How The Biggest Planets Form: Astronomer Has New Idea About Gas Giants
An astronomer has proposed a new model for how the most gigantic planets in the solar system grow into the massive balls of gas we know and love, and the idea could help scientists better understand our universe as a whole.
According to a paper in the Astrophysical Journal, giant gassy planets like Jupiter might form when ice and rock revolving around a young star clumps together, with the extreme heat of a primordial solar system evaporating the ice into gas and forming its atmosphere. As rocky material builds and builds, making the core larger and larger, the atmosphere becomes bigger and bigger as well.
“The formation of gas-giant planets like Jupiter is a central problem in planetary science,” planetary scientist John Chambers explains in his paper.
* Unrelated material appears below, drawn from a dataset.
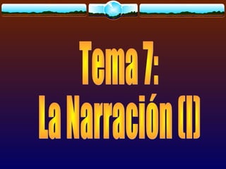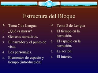 El documento aborda la narración en la lengua castellana y literatura, con un enfoque en los géneros narrativos, la estructura de la narración y los elementos que la componen, como personajes, tiempo y espacio. Se describen distintos géneros narrativos, desde cuentos hasta novelas, así como la evolución de la narración desde la tradición oral hasta la impresión en libros. Además, se discute la importancia de la acción y el interés en la narración para captar la atención del lector.

And solving that problem could help scientists better understand more than just gas giants: “Understanding giant-planet formation is essential for understanding the origin and character of planetary systems in general, since gravitational perturbations from giant planets can affect the growth of objects elsewhere in the same system.”
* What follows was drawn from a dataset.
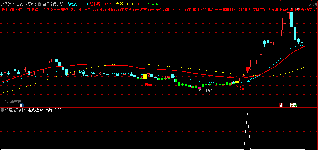 选股指标结合了回调买点和走妖信号,筛选出那些在回调后转强并且可能进入妖股模式的股票。

An example is how the gravitational pull of Jupiter and Saturn, our solar system’s two gas giants, helped form the asteroid belt, the region of space rocks orbiting the sun at a distance between Mars and Jupiter and serving as the boundary between the inner and outer solar system.
Chambers’ framework differs from other models like the core accretion model, which dictates that the gas giants start as a solid core that, when it grows to a certain size, pulls in gas from the protoplanetary disk — the dense disk of gas and dust that rotates around a young star and contains the material from which the planets form. Rocky planets form in a similar fashion under this model, accumulating material from the disk, but they grow into a different type of full-fledged planet because they are closer to their stars and more heavily affected by the stellar wind, the charged particles that a star spews out toward its orbiting bodies.
Although the new concept is distinct from this core accretion model, a report on the research notes that it is not entirely new ground.
“It does conform to another theory that suggests that gas giants must form relatively quickly,” the report says.
According to that concept, because protoplanetary disks are generally found around young stars and gas giants need the huge amounts of hydrogen and helium found within them, these planets have to come together rather fast or they would not have time to gobble up enough of those elements that they need to form.
The new theory might offer some more insight into the interior of a gas giant. As the report points out, there has been some debate over exactly how concentrated Jupiter’s core is.
Just as it is with any planet in our solar system, it is difficult to look inside a gas giant. Various scientific measurements give us clues as to what is at their centers, but there is still much to learn about the planets and how they form and, at least in the case of Earth, how it developed into a place that could support life.
In addition to gaining more information about Jupiter, Saturn and our own solar system as a whole, better understanding gas giants could help astronomers who are studying other solar systems and alien planets. That includes the classification of exoplanets known as “hot Jupiters” — planets that are similar to Jupiter in size but are orbiting their stars much closer in, making their temperatures significantly higher.
It’s possible that there are many gas giants that orbit in outer regions of solar systems as well, but those have proven hard to detect. Exoplanets are generally observed when they pass in front of their stars from the viewpoint of Earth telescopes, known as a transit, a method that favors planets orbiting closer in.